# Scam,weed spary



## swmnhay (Jun 13, 2008)

Just got a call from a Tom Randall from Harvest Supply trying to sell Tri Leaf for $109 per gallon.Supposed to kill thistles for 3 yrs and be safe to cattle.I asked what active ingriedient was he sad Trimec.

Trimec is a mix of 2-4D,Dicamba and MCP.And for sale at farm supply stores for $40-50 per gallon

Beware it is a SCAM:mad:


----------



## Nitram (Apr 2, 2011)

MCP? Martin


----------



## swmnhay (Jun 13, 2008)

Nitram said:


> MCP? Martin


Mecoprop-p - Toxipedia


----------



## broadriverhay (Jun 13, 2014)

He called me today. I told him that I requested him to never call me again several years ago.

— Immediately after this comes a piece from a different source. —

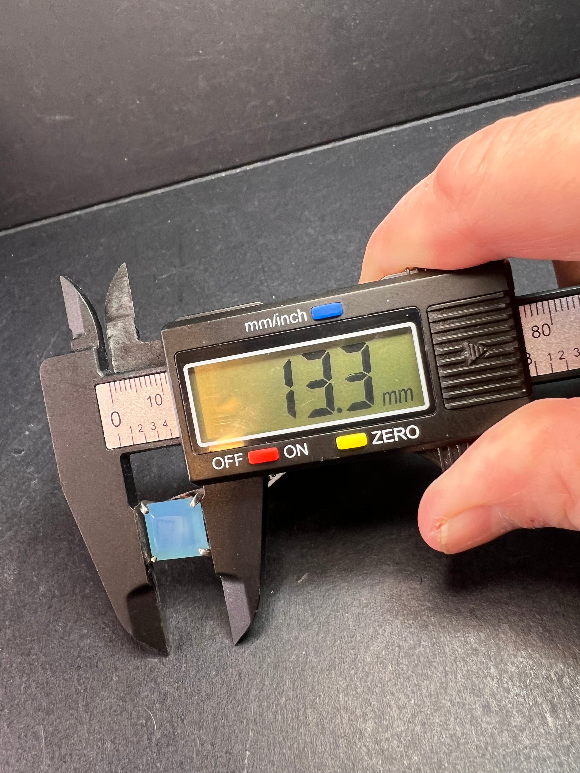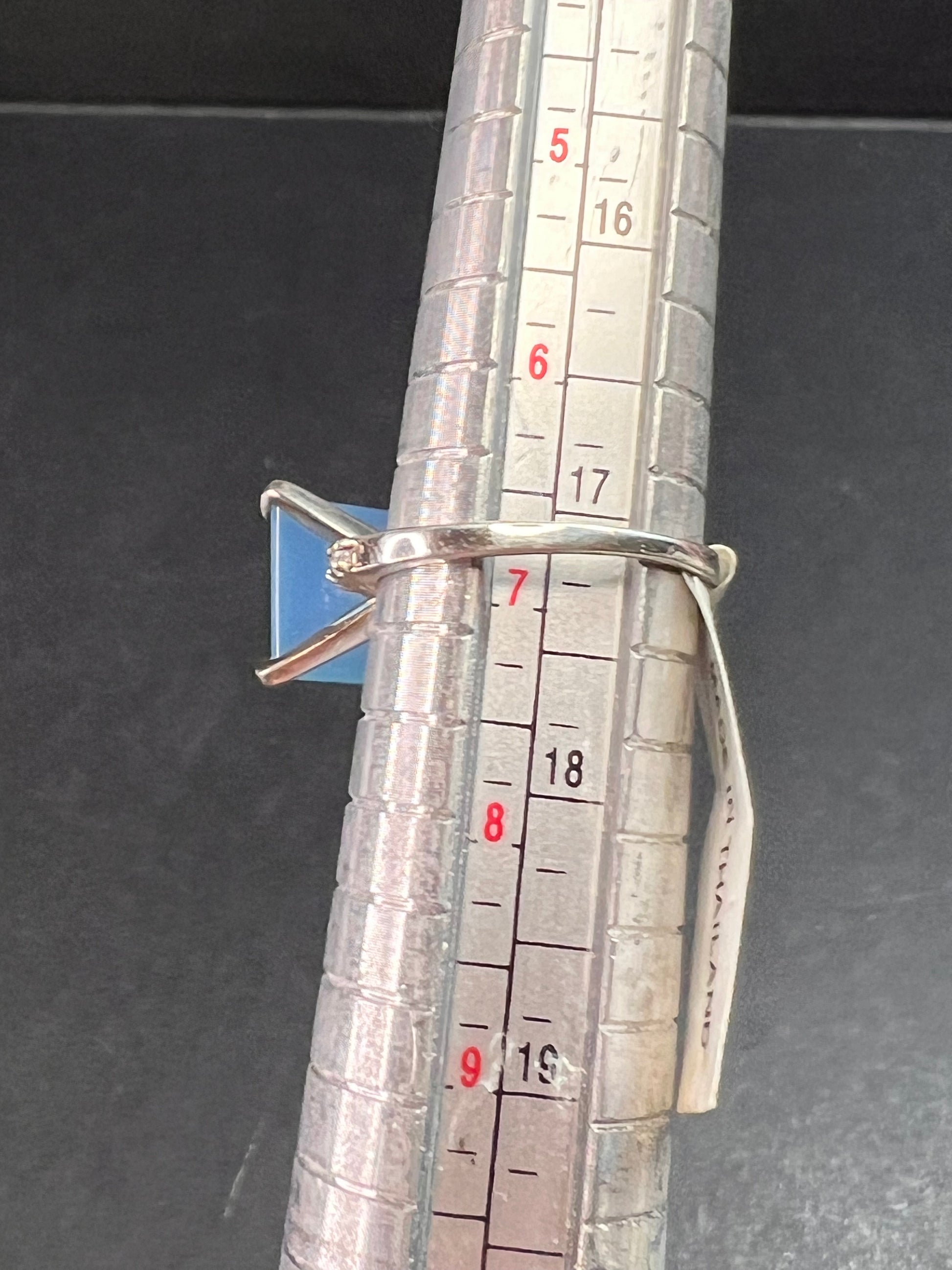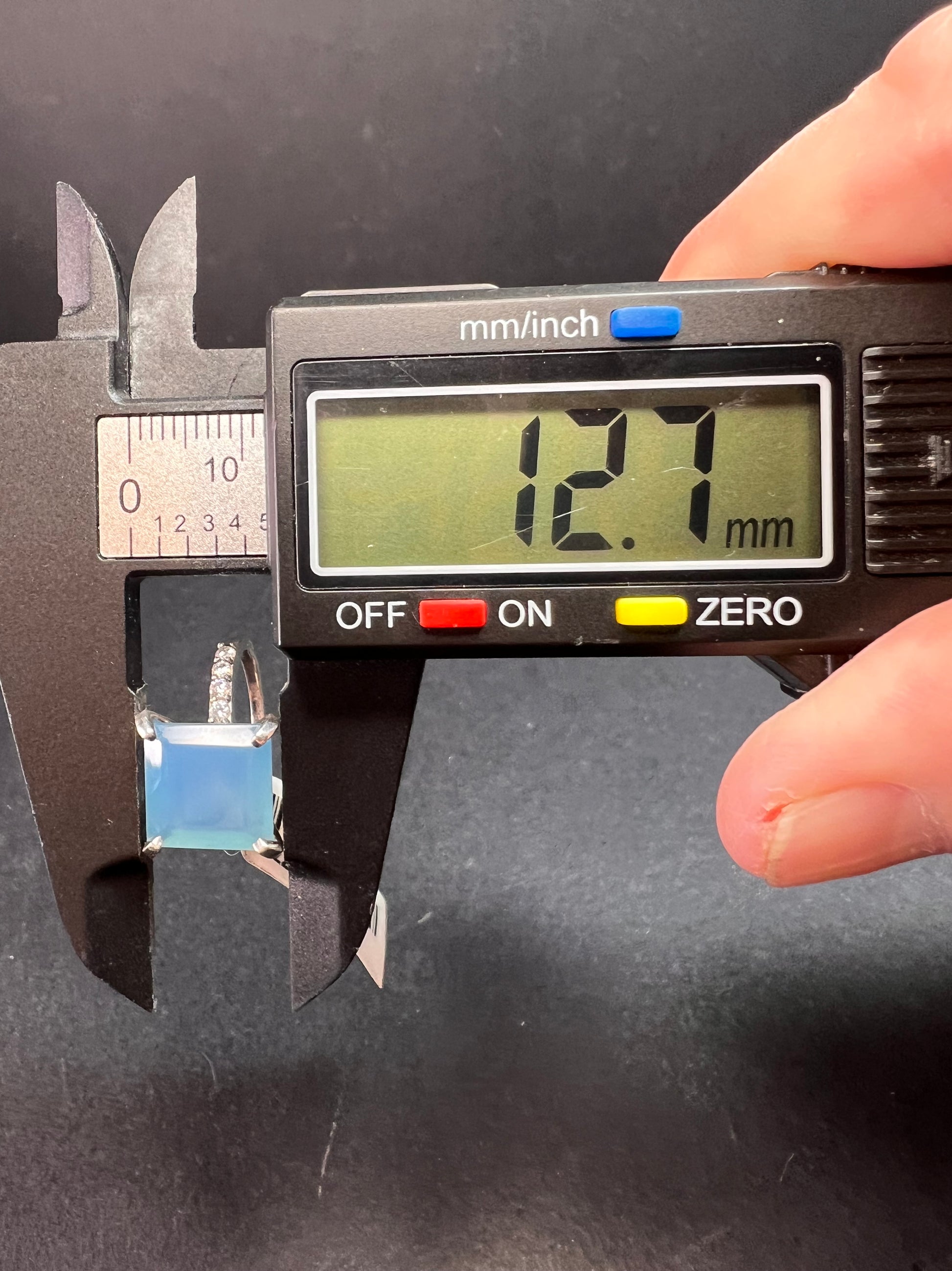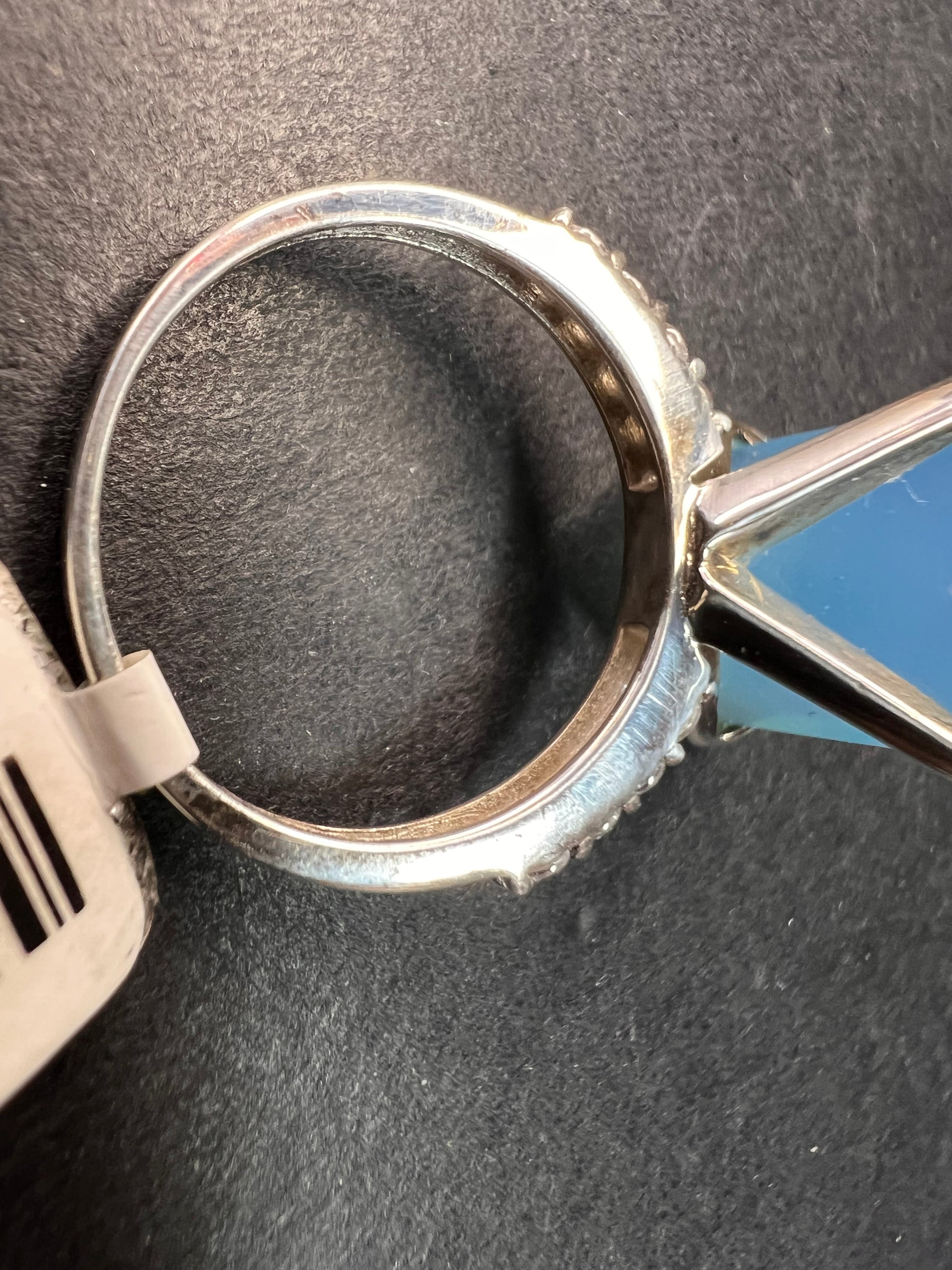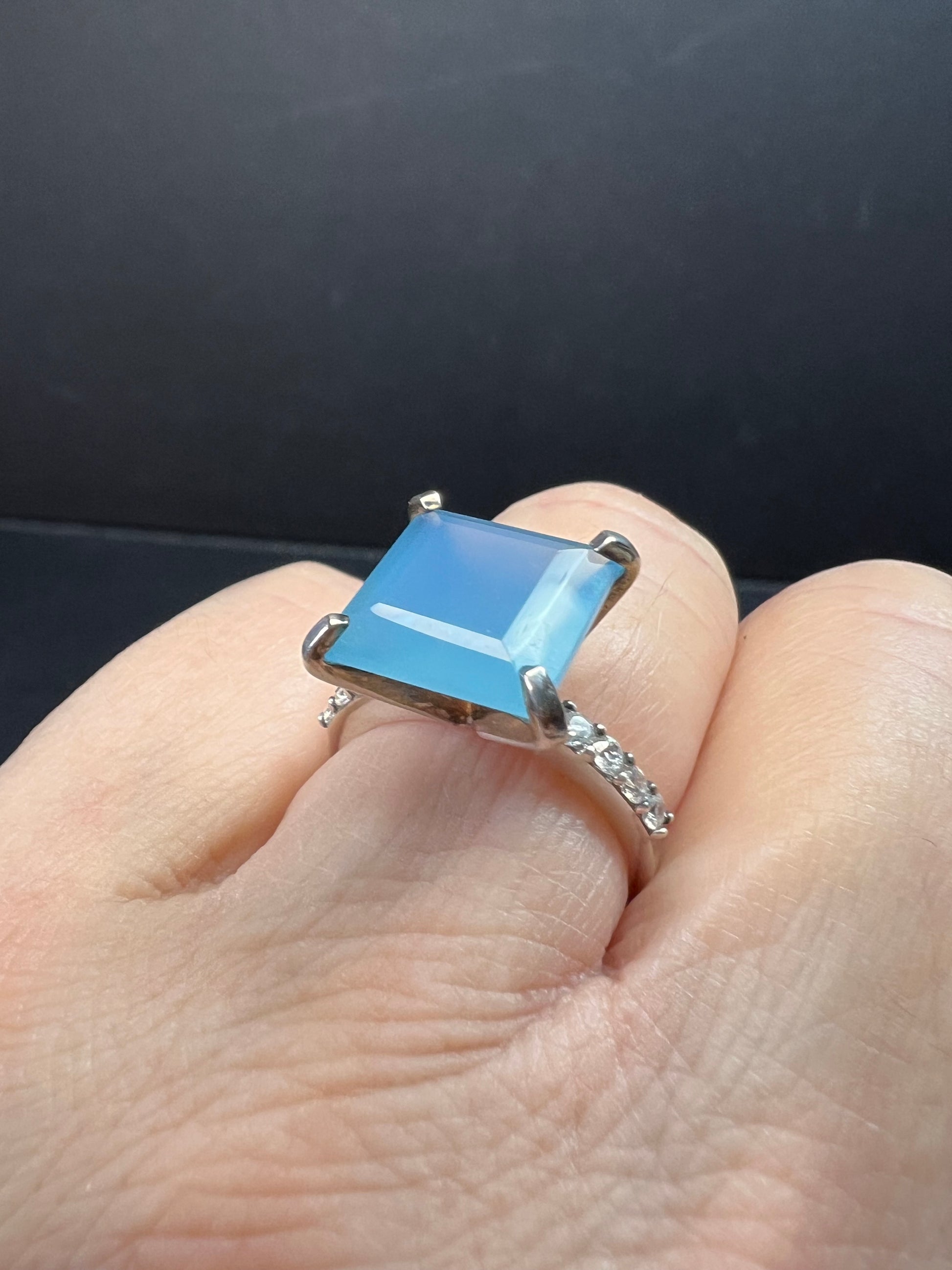 Giant square cut blue chalcedony prong set in authentic 925 sterling silver. White accent stones on shank are Cz. Measures a size 7. STS.
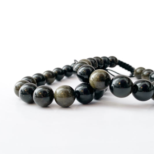 Adjustable 10mm Gold Sheen Obsidian Beaded Bracelet

He said that was impossible and then hung up. This guy is a scam artist. The call is always a New York area code. I recognized his voice from years ago.


----------



## FarmerCline (Oct 12, 2011)

Yeah that SOB has called me a number of times in the past......got to the point I recognized the number so I quit answering. It had been a couple years since I got a call but I got another back in the spring......as soon as he spoke I recognized his voice....very distinct. I told him I just bought a house on a 1/4 acre lot and had no need for chemicals so he could remove me from the calling list. So far I haven't got another.


----------



## Jay in WA (Mar 21, 2015)

They call me a time or 2 a year trying to sell me total weed killer. Last time i asked if it was certified organic. Oh your organic. Click. Hopefully it works


----------